6.3.3 Moens Work The authors of [Moens H., 2012] propose an architecture for the development and management of customizable SaaS applications, built using Software Product Line Engineering (SPLE) and feature modeling techniques. They modeled variability in applications as a collection of features. All features are linked to a code module and a placement configuration. The placement configuration can be used to add additional restrictions that are to be taken into account when placing the service on infrastructure. They modeled the relationships between variations. Their provided architecture enables developers to define significantly less features, while limiting the amount of automatically generated features in the application runtime stage. However the work didn’t validate tenant developer customizations. It also doesn’t allow variants to be unplugged during runtime.
6.3.4 Sun Work The authors in [Sun W., 2008] provide a competency model and a methodology framework that have been developed to help SaaS vendors to plan and evaluate their capabilities and strategies for service configuration and customization. They provide five levels of competencies to be used in the assessment of SaaS application to identify improvement goals around configuration and customization. Their framework consists of 58
a methodology and supporting analysis tools to: analyze customer requirements, help SaaS vendors determine how they plan to support the required configuration and customization requirements in the targeted customer segment, assess the competency of the existing SaaS application from configuration and customization aspect, and identify gaps in the competency model. However the work didn’t check tenant developer customization choices. It didn’t enable runtime adaptability for tenant customizations. Also the work didn’t model the variability nor its relationships in SaaS applications.
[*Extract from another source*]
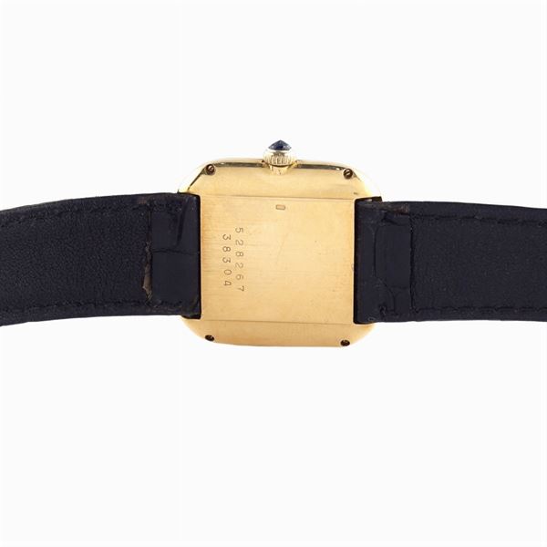 in oro giallo 18kt cassa rettangolare 28x26 mm. quadrante dorato con numeri romani, vetro zaffiro, lievi difetti, movimento meccanico a carica manuale, ref. n. 528267 - 38304, cinturino in pelle con fibbia in metallo

6.3.5 Lizhen Work The authors of [Lizhen C., 2010] propose variability modeling based on Metagraph support SaaS providers in managing the variability for configuration and customization of SaaS applications. A Metagraph tool is used to model customization points in a multitenancy application and to facilitate customers to perform application configuration and validate the configuration inputs made by the customers using Metagraph algebra structure. The authors didn’t allow each tenant customization to be applied on the fly. Also they only handle one type of variation relationship which is ‘requires’ relationship. In addition using Metagraph to model SaaS application variability, produce complex and un-understandable model especially in large applications. The more variants were chosen by tenants in SaaS application, the more complex model will be produced by Metagraph.
6.3.6 Tsai and Sun Work The work in [Tsai W. & Sun X., 2013] proposes an innovative customization approach that studies existing tenant’s customization choices. They applied hierarchical template design philosophy by modeling the customization process using orthogonal variability model, combined ontology for variants definition, organization or and discovery, and they checked tenant’s customization plan using soft and hard rules mined existing customization decisions. However the work didn’t allow each tenant customization to be applied on the fly. It didn’t model relationships between customizations nor validate tenant customization.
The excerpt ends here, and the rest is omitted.